Charnock, a noted dancer, has been called a “national treasure” by British critics and praised for his “eerie brilliance” and “profligate talent” by The Times. The British Council had described Frank, Charnock’s one-hour improvised performance, as “a stand-up, sit-down, leap-around live show that picks you up, calls you names and lets you in on some home truths”.
But the name-calling was largely done by Hasmik Poghosyan, the Culture Minister, after Charnock, on his first vist to the country, had placed Armenian and British flags on the stage and danced on them before an audience at the Stanislavsky State Theatre, in Yerevan, on Wednesday.
Mrs Poghoysan, 46, who was not at the performance, ordered a second show to be cancelled and accused Charnock of committing a criminal offence punishable by up to a year in prison. She declared: “It is unacceptable for us that someone who is considered a national treasure in Britain would bring such low-quality art to Armenia.

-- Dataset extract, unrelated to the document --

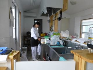 明日のオープンへ向けてカナエさんが食材の仕込みをしていました。

“We honour the high art of British theatre and are sure that from the Queen to ordinary Britons the greatest pride and treasure is Shakespeare. It appears that the English perception of treasures has been drastically devalued and Nigel Charnock is its best evidence.”

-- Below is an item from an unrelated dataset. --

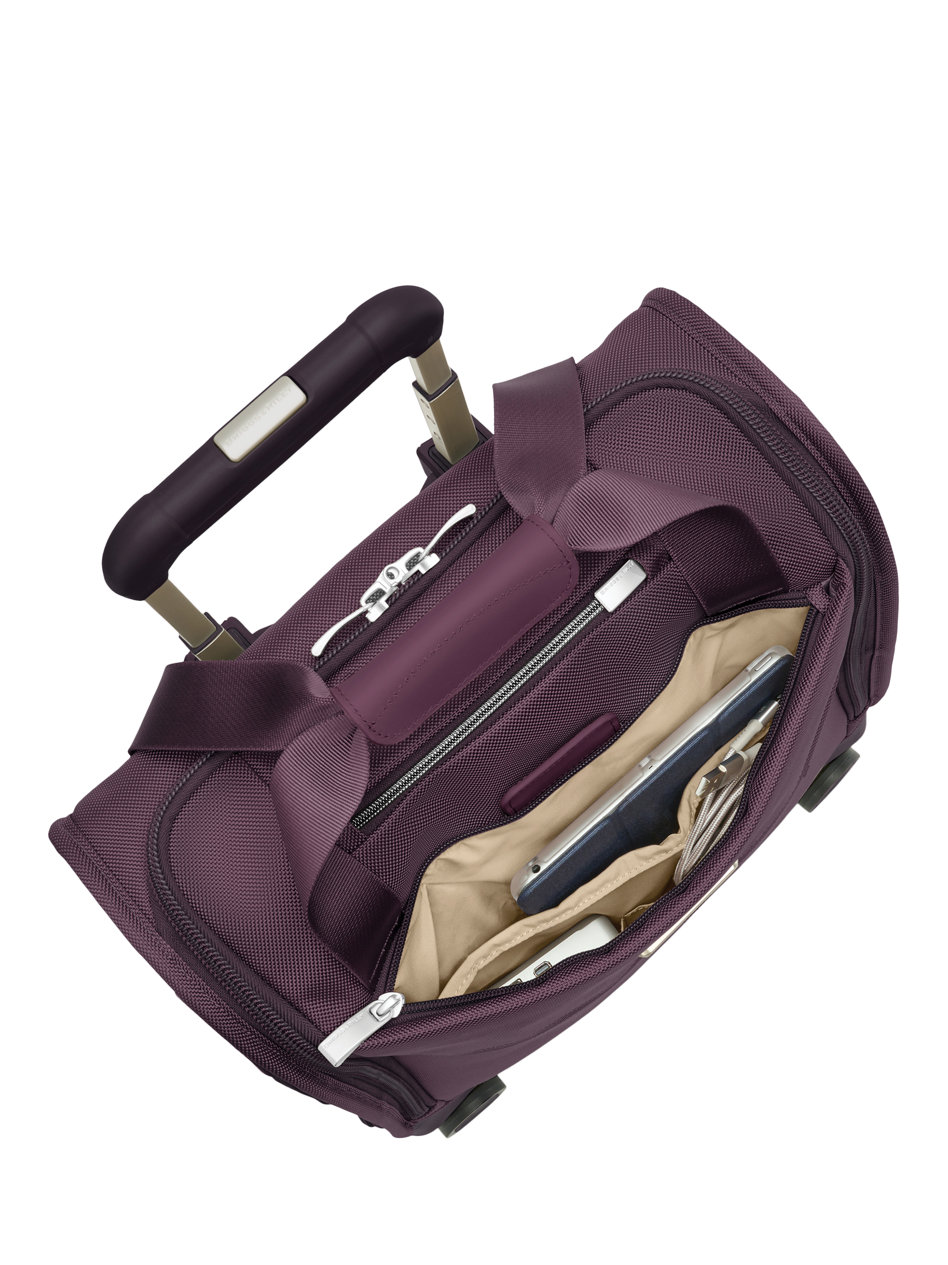 - Keep your belongings in order with a spacious main compartment. Clothes stay beautifully crisp with our revolutionary Outsider® handle design — mounted on the suitcase exterior for a smooth, flat packing surface that reduces wrinkling. Stack securely with other Briggs & Riley luggage for effortless two-in-one transport using our interlocking handle system. Navigate quietly and smoothly with the robust performance of our 360º shock-absorbing spinner wheels.

Mrs Poghosyan said that she was not censoring artistic expression but acting to prevent disrespectful treatment of Armenia’s flag.
“Charnock may treat the British flag as he likes. He can drop it on the floor, step on it, chew it or swallow it, but it is unacceptable and punishable by law to treat the Armenian flag that way,” she said.
At a press conference called swiftly by the British Council, a chastened Charnock, 45, offered his “unconditional apologies”. He told reporters: “All I’m trying to do is communicate love.”
The Culture Ministry lifted the ban, provided that Charnock promised not to repeat the offence, but by then it was too late to reschedule the performance and the dancer flew home yesterday.
Lucine Ghulyan, arts manager at the British Council in Yerevan, told The Times: “He was trying to show friendship between Armenia and Britain. There was a total misunderstanding of his intentions.
“He was showing his affection for Armenia, but when I called the deputy minister to explain this she didn’t want to listen to me. She kept saying that she was offended as a citizen of Armenia to see the flag on the floor.”
Ms Ghulyan acknowledged that some in the audience had been offended by sexually suggestive movements during the performance. Charnock had wrapped a Union Jack around his loins and then draped the Armenian tricolor over his naked torso.
But Ms Ghulyan said that most had understood the show and many gave him a standing ovation at the end.
Charnock, 45, has performed Frank around Europe since 2003, when it was commissioned for the Venice Biennale. He co-founded the DV8 Physical Theatre before establishing his own dance company in 1996.